For the past two weeks, the market has camped out around the all time highs with 1) diminishing participation, 2) pathetic volume, 3) low activity, and 4) small intraday ranges.  These factors strongly suggest that the professionals are not actively a part of the auction, with the day-timeframe traders and algos dominating each session.  After all, it only makes sense - do smart, well-capitalized market participants buy the high? No.  But, the kicker is no one is selling it either, due to this idea that the market will only go up.  Pullbacks are of course bought - a strategy that has yielded reward for years now.  So when the market it as the highs, the trading becomes rather miserable.

Given the weakness of the hands holding positions up here, the chances for a hard liquidation break only increase with each passing day.  This would create good trading conditions once again!  Here are some levels and ideas going forward:

Daily Chart as of 2/27
Below the current prices, the market structure is very suspect: multiple poor lows, unvisited prominent POC's, and too many anomalies to point out.  All of these point to weak money pushing the market up, with weaker money entering at each successive updrive, until the weakest of them all are at the high.  When stronger hands enter, it won't take much to puke out the longs.

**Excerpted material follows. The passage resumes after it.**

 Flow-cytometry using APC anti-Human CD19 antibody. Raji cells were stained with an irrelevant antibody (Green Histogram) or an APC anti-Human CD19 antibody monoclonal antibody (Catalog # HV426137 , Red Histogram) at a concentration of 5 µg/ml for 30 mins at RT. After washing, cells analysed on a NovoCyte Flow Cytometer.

Going forward, Friday closed between a rock and a hard place: both beneath and above it are consecutive poor lows & highs.  Multiple poor lows/highs create an exponentially larger tug on price, so imagine the market as currently being between two poles of a powerful magnet.  Until one direction (up or down) is visited, we can't say for sure which direction it will go.  But with two weeks of weak hands loaded up, any downside break is likely to be powerful and lasting.

Bonus: What is a poor low/high?  Let's look at the profile.

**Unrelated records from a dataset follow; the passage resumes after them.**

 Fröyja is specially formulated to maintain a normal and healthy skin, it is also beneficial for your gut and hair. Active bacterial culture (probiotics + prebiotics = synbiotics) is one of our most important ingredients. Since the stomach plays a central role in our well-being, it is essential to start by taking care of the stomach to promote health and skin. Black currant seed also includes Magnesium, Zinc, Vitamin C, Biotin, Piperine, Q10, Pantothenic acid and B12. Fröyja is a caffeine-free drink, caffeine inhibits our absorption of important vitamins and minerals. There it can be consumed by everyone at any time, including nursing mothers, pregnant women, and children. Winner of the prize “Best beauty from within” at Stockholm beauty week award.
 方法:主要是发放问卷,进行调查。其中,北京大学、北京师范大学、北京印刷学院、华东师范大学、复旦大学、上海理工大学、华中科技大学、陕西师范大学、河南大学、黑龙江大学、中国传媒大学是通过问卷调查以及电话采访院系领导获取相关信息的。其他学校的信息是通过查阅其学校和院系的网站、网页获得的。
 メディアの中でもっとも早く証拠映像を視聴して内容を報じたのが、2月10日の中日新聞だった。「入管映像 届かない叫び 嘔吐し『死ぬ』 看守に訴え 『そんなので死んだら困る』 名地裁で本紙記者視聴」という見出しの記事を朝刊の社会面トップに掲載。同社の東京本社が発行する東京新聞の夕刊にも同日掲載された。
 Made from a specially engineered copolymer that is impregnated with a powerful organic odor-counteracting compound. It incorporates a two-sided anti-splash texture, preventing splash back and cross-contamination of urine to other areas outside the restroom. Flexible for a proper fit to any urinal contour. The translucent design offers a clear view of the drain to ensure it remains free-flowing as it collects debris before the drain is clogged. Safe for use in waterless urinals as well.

Two poor highs are circled
Poor highs are when two half hr bars close very close (usually 1tick or less) to each other.  Usually the profile will be rather fat even out to the extremes, instead of slimming down.  To contrast the poor high, one need only look at the lows from each session that made a poor high - they are good: both have tails that are reasonably long, in proportion with the rest of the profile.  Poor highs have the tendency to not be a lasting foundation - the market revisits them in search of a better counter-push to establish a base from which a lasting directional push can occur.  Something to consider when you're evaluating the odds of your trade working!